Have you noticed a trend of placing content with individual URLS on a single page? We have, and it can be categorized as a type of infinite scroll.
Many media outlets are getting on board with this trend, which may look familiar to social media users. Similar to your Twitter, Facebook, or Pinterest feed, these pages auto load as you reach the bottom. For that reason, we are classifying it as part of the “infinite scroll” trend. Examples can be seen at:
However, there is a difference between these pages and Twitter. The difference is that the URL displayed changes as you reach the bottom of each article, and the next story begins. It may sound complex, but it is simply a matter of fetching URLs with a newer form of pagination.
What is Pagination?
Pagination is the word used to describe how content is split into individual pages. In print media, this requires setting discreet pages where content will end. Typically in web design, pagination has followed suit. The two main types of pagination are used on web pages today are:
- A standard < 1 2 3 >
- The [Load More] button.
How does the URL Update?
It is being fetched from a predefined set of URLs for the stories that live on a page. This is similar to anchor linking using hashes. This method is sometimes used on longer pages where users would click a link to jump down to a part of the page much further down, and a # is appended to the end of the URL.
The Benefits of Infinite Scroll
Infinite scroll can hold some significant benefits for user experience in certain cases. But like many other trends we have seen online since mobile browsing increased, this trend may not be the best option 100% of the time.
However, in this case, most users today are accustomed to scrolling. In fact, most prefer it now. It seems for content-heavy sites, there is no cost for using infinite scroll: it engages the user and takes them on a journey as they scroll down the page.
In fact, infinite scroll has some real benefits in these cases: it allows primary content to be shown dynamically, rather than statically. That means users no longer have to click multiple times to explore content. This has particular UX benefits for visitors browsing on mobile devices.
The Daily Beast and Quartz both benefit from this, since their content consists mainly of ad-supported articles. Generally, people who visit these sites are there to consume media. So making it easier for them to do so is in the site’s best interest. Yet the added feature of the URL changing benefits both the user and site owner.
A primary benefit of the URL changing as a new article takes focus is that the site owner can track where people are landing, clicking, and engaging. It would be far more difficult to zero in on this information if every story was contained within a single URL. But the updating URL is also handy for users who would like to share an individual story.
About the Technical Side of Infinite Scroll
As long as infinite scroll doesn’t affect the performance or loading of the site, then it is a good UX design choice if you want to encourage your users to spend a lot of time browsing. The activities happening behind the scenes to make this happen may sound complicated. But it is likely they wouldn’t add much to page load time, especially if the site uses lazy loading. That means the site is not loading all the stories on a page, but rather calling up each story and corresponding set of ads when you scroll near the end of the preceding story.

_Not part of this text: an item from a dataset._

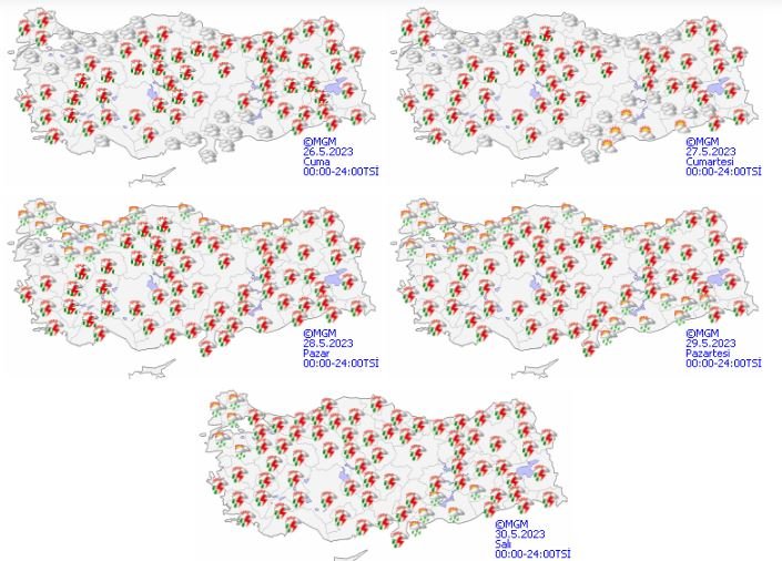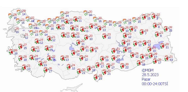 Meteoroloji Genel Müdürlüğü tarafından yapılan son değerlendirmelere göre: Ülkemiz genelinin parçalı ve çok bulutlu, Trakya, Ege, Göller Yöresi, İç Anadolu, Batı ve Orta Karadeniz'in iç kesimleri, Doğu Karadeniz, Doğu Anadolu, Güneydoğu Anadolu'nun doğusu ile Bilecik ve Ordu çevrelerinin aralıklı sağanak ve gök gürültülü sağanak yağışlı geçeceği tahmin ediliyor.

The Drawbacks of Infinite Scroll
The main losses in usability with the infinite scroll come in the area of user control. Unless there is some sort of navigation on the side of the page, users will have no idea how to access specific stories. The Daily Beast does this better than Quartz with their sidenav and fast-scroll animation that reflects the anchor link.
And unless you’re using a bar graph-like indicator (like the one on The Daily Beast), users will not be able to gauge the length of the article or how far along they have read. Standard pagination that indicates a user is on page X out of Y pages usually makes this quite clear.
Infinite scroll also holds the potential to slow down a site’s page load time. One way to get the best of both worlds with infinite scroll is to load some initial content, and then offer users the option to view more results.
For Site Owners
If users do not like the infinite scroll results on a site, page views and conversions will likely drop. And there are some pretty big cases where using infinite scroll negatively affected sales and was quickly dropped.
In addition, sites that want their users to take action will need to optimize their content and calls to action in order benefit from infinite browsing. Otherwise, users will simply continue exploring content without:
- Clicking on advertisements – This is another practice the Daily Beast addressed by making their advertisements fixed on the page.
- Subscribing – Perhaps advertising clicks aren’t the growth metric of choice on the site.
- Performing some other action of value to the site owner – not all conversions are comprised of advertising clicks.
Should You Use Infinite Scroll?
Whether or not you should implement infinite scroll on your website ultimately depends on your goals for the site. Infinite scroll encourages browsing and exploring more than actual clicking (think window shopping vs. actual purchasing). If you manage an eCommerce site, then you’ll may want to avoid this type of pagination. Choice paralysis for users will likely take over when there are an infinite number of stories to read or products to review.
For article-heavy sites the trend works, and benefits both users and owners. However, for action-based sites it may not be the best choice. UX designers will likely only recommend implementing infinite scroll when they have data about the site’s target audience, as well as the typical content presented.